A criança tinha sido entregue à Dyer na estação de Bristol Temple Meads em 5 de março Mas quando cheguei em casa para Dyer Leitura naquela noite, tudo o que tinha com ela era um embrulho de papel pardo dois pés de comprimento. Ela escondeu na casa, até que, depois de três semanas, o cheiro se tornou insuportável. Em seguida, ela foi visto deixando a casa com o pacote, dizendo que ela estava indo para a casa de penhores. Na verdade, ela jogou o pacote no rio. Mas ele não afundou, como a barca descoberto. O rio foi agora arrastado. Três corpos minúsculos foram encontrados, em seguida, o carpetbag com Doris e Harry para dentro, suas últimas vítimas. No dia seguinte, Evelina Marmon, cujo nome tinha surgiram na correspondência de Dyer, foi trazido para Reading e identificou sua filha sobre a laje funerária. Fazia uns meros 11 dias desde que ela tinha confiado seu filho a "Sra Harding". "Ela estava em perfeita saúde quando eu mandou-a embora", foi tudo que a mulher perturbada poderia murmurar.


Dyer foi enforcado em Negate prisão depois de um julgamento em que seu pedido de insanidade foi rejeitada. Sua filha deu evidência gráfica que garantiu sua convicção (ao ir impune-se por razões ainda não está claro). O júri foi para fora por alguns minutos apenas quatro e meia antes de condená-la. Os detalhes do que ela tinha feito causou um escândalo. Leis de adoção mais rigorosas deu autoridades locais o poder de policiar fazendas de bebê e acabar com o abuso. Anúncios pessoais dos jornais eram para ser examinado. Mas o tráfico bebê não parou. Dois anos após a execução de Dyer, trabalhadores ferroviários inspecionando carros manobrados em um tapume em Newton Abbot do expresso Plymouth encontrou um embrulho amarrado com corda.


Dentro havia uma menina de três semanas de idade, frio e úmido, mas apenas vivo. Ela era filha de uma viúva, Jane Hill, e tinha sido dado a uma mulher chamada Sra Stewart por £ 12. "O pequeno teria um bom lar e amor e cuidado de um pai," Sra Stewart tinha escrito. Em seguida, ela pegou o bebê em Plymouth - e jogou-a no trem seguinte.
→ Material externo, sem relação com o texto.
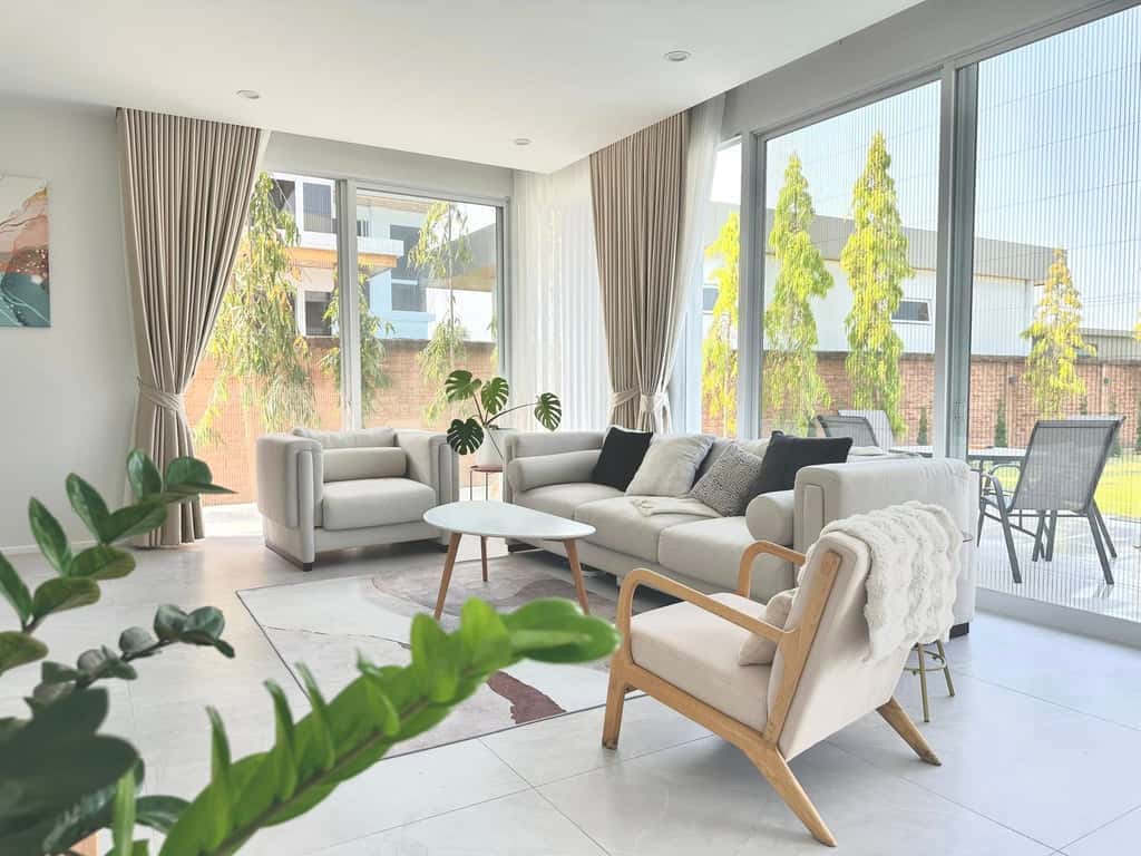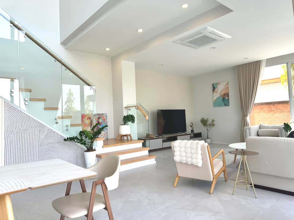 ห้องนั่งเล่นกว้างขวาง พร้อมโซฟาขนาดใหญ่ แอร์ ทีวี และตกแต่งอย่างสวยงาม

Quem era "a senhora Stewart"  Nenhum outro lado, pensava-se, do que Polly, a filha de Amélia Dyer. O mal sobreviveu.


***




Nós olhamos para o nosso passado para encontrar dicas para o nosso futuro, mas o passado é Alit com loucura e maus-tratos, é o que estamos procurando, e é o nosso futuro  Devemos tentar compreender as intenções do homem, e em seguida, aplicar o nosso conhecimento, assim, ganhou, às situações no futuro para que o passado não se repita, nem subir novamente  Você decide - as aves.